Problem requirements:
Your answer should hold exactly the lines below from the line with "李元媛在發(fā)言中表示,成都的演出市" through the line with "По периметру зала", both included, and no pictures at all.

*** Opening Provided entries ***

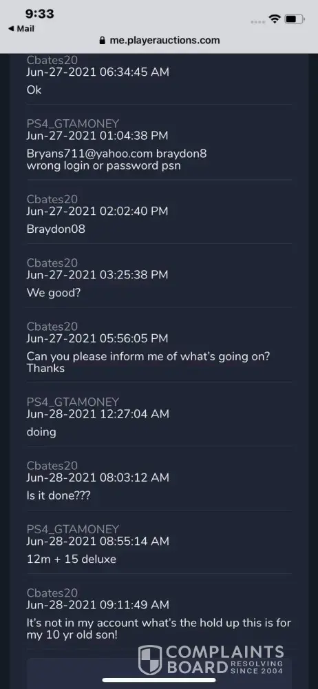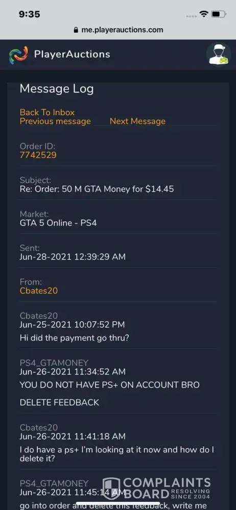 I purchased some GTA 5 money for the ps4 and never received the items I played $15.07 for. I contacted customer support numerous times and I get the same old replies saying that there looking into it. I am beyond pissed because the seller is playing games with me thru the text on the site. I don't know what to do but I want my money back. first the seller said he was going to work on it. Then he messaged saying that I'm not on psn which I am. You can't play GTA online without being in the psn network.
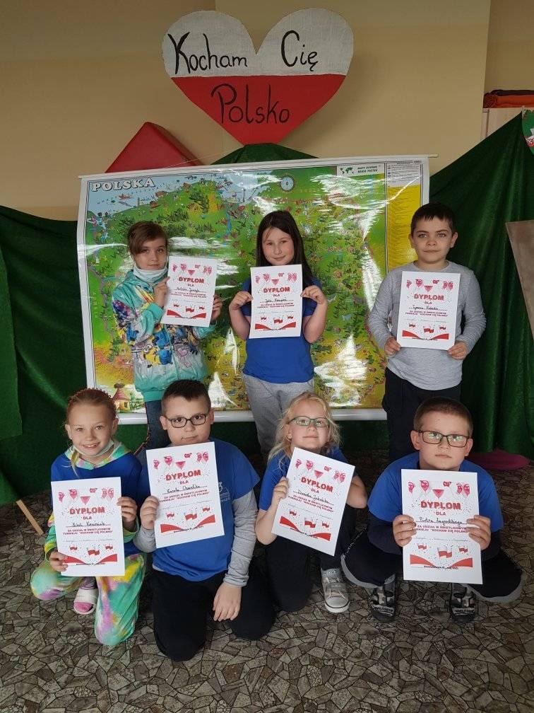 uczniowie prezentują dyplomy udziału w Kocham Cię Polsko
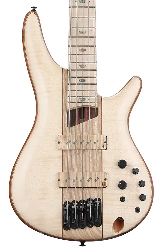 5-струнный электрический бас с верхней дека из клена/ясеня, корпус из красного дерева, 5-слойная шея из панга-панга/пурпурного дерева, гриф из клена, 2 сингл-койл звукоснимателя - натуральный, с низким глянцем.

*** Closing Provided entries ***
*** Opening Provided entries ***

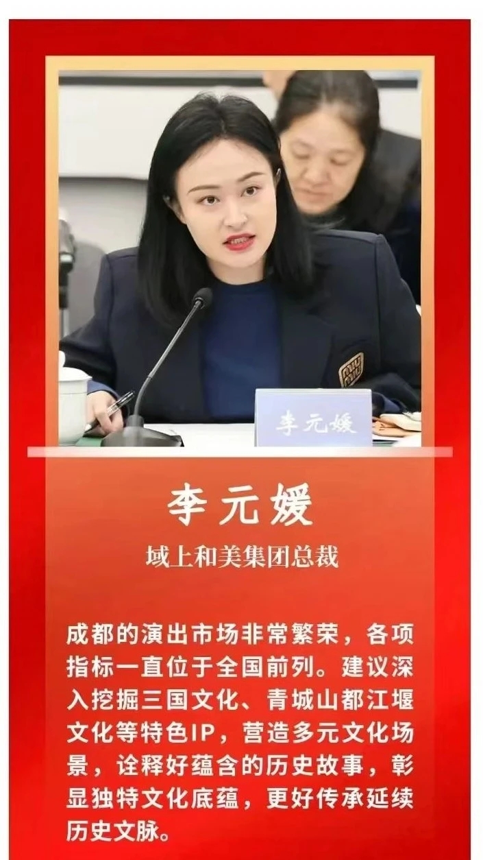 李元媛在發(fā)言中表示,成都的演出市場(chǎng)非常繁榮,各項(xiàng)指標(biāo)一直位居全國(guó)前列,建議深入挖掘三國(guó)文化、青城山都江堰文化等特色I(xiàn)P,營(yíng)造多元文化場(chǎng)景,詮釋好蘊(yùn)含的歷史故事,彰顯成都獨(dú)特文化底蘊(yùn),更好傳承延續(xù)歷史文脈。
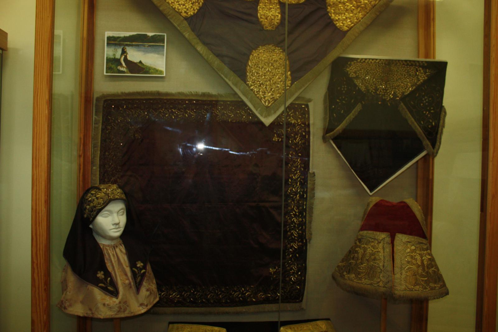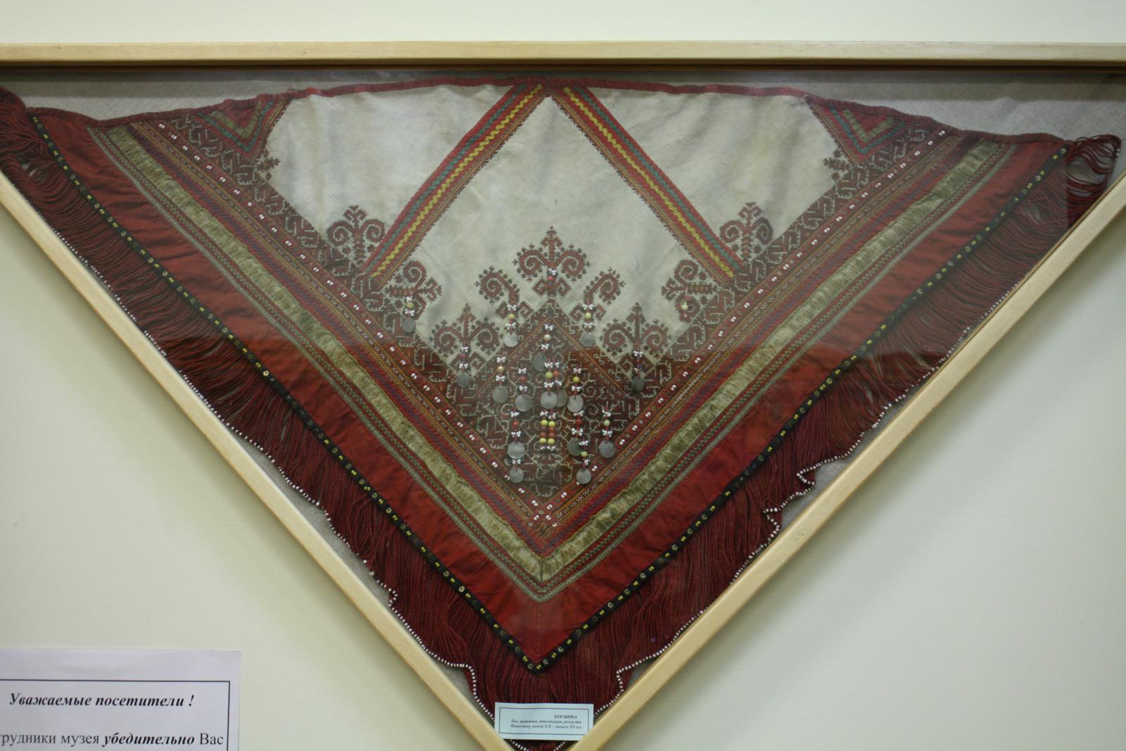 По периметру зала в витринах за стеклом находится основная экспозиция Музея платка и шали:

*** Closing Provided entries ***
*** Opening Provided entries ***

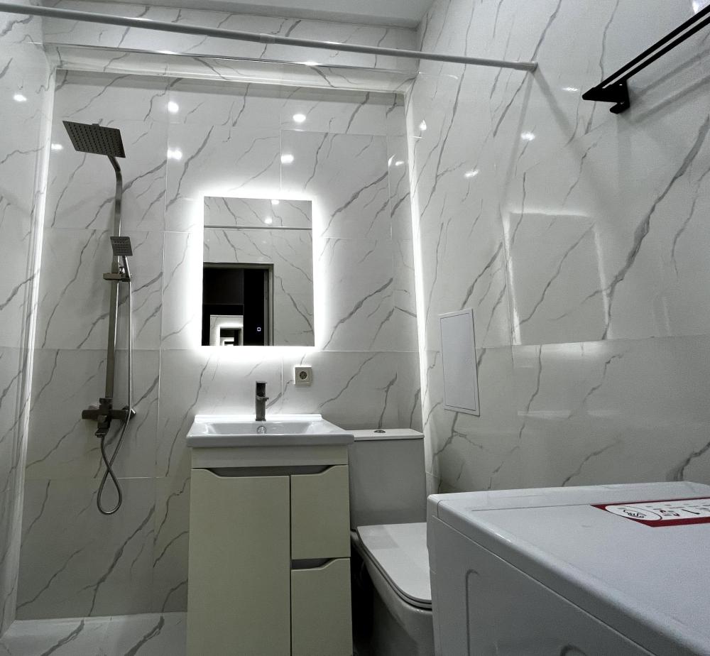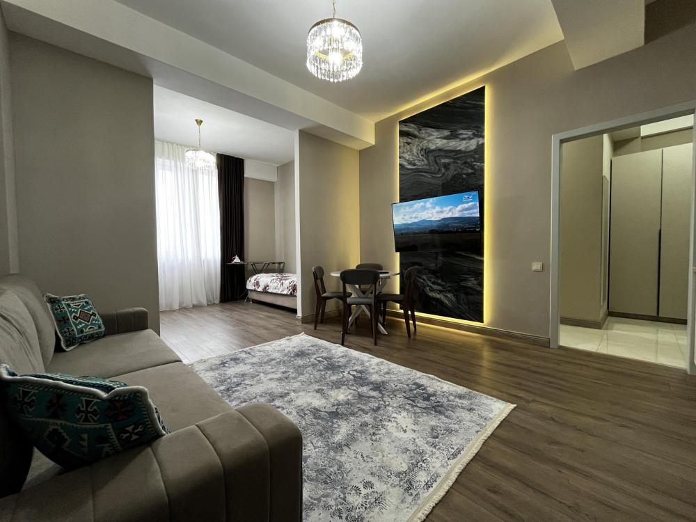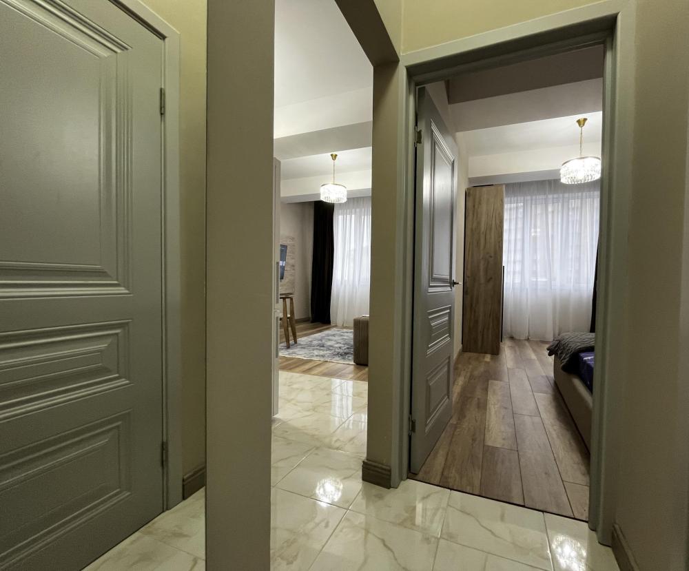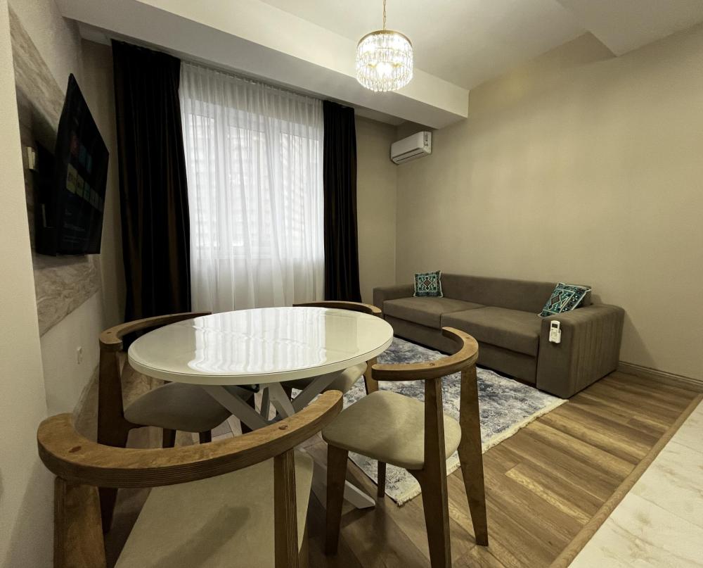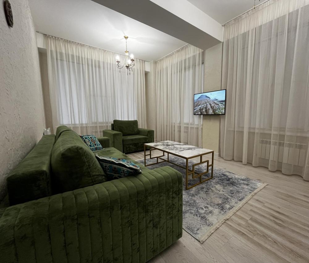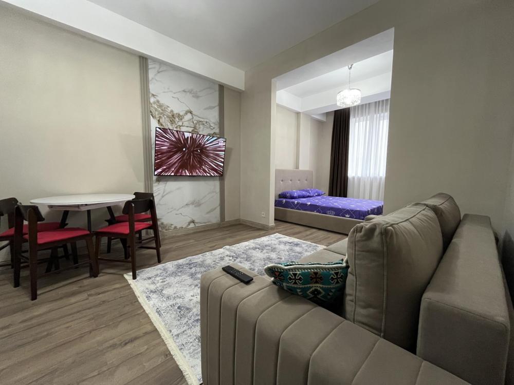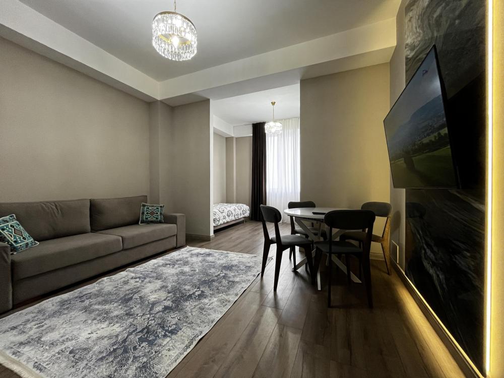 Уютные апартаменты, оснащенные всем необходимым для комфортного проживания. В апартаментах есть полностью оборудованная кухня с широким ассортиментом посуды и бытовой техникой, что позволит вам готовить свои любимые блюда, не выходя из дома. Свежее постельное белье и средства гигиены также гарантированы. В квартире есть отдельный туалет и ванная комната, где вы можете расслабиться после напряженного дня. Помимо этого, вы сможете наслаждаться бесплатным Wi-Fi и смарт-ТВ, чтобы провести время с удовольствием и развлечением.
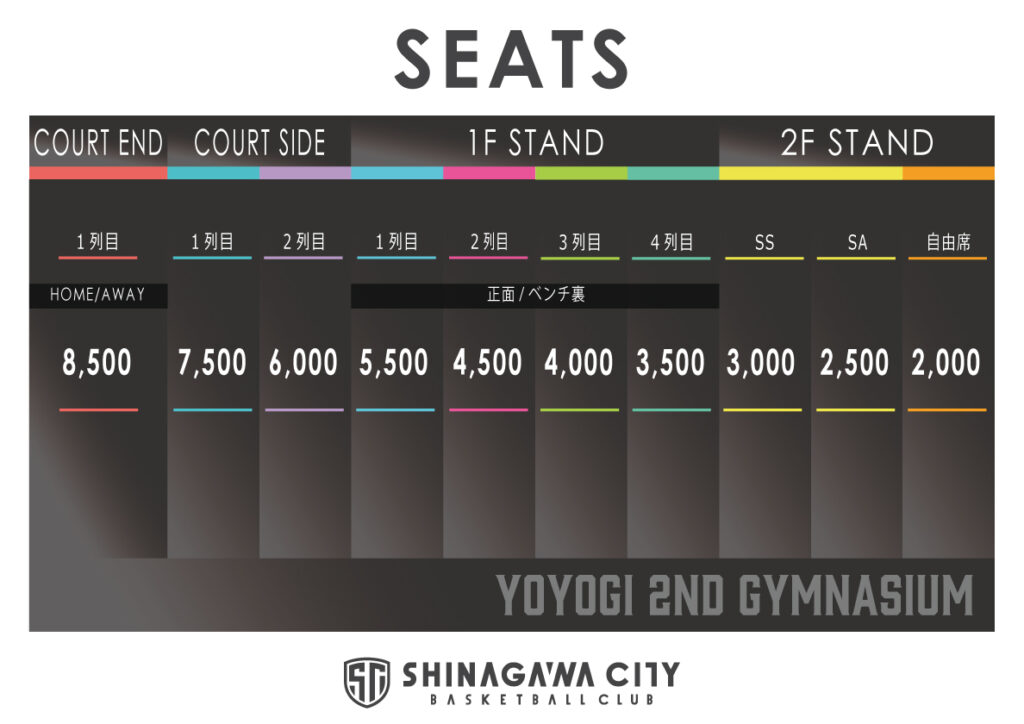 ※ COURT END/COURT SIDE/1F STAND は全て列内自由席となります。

*** Closing Provided entries ***

Task output:
 李元媛在發(fā)言中表示,成都的演出市場(chǎng)非常繁榮,各項(xiàng)指標(biāo)一直位居全國(guó)前列,建議深入挖掘三國(guó)文化、青城山都江堰文化等特色I(xiàn)P,營(yíng)造多元文化場(chǎng)景,詮釋好蘊(yùn)含的歷史故事,彰顯成都獨(dú)特文化底蘊(yùn),更好傳承延續(xù)歷史文脈。
 По периметру зала в витринах за стеклом находится основная экспозиция Музея платка и шали:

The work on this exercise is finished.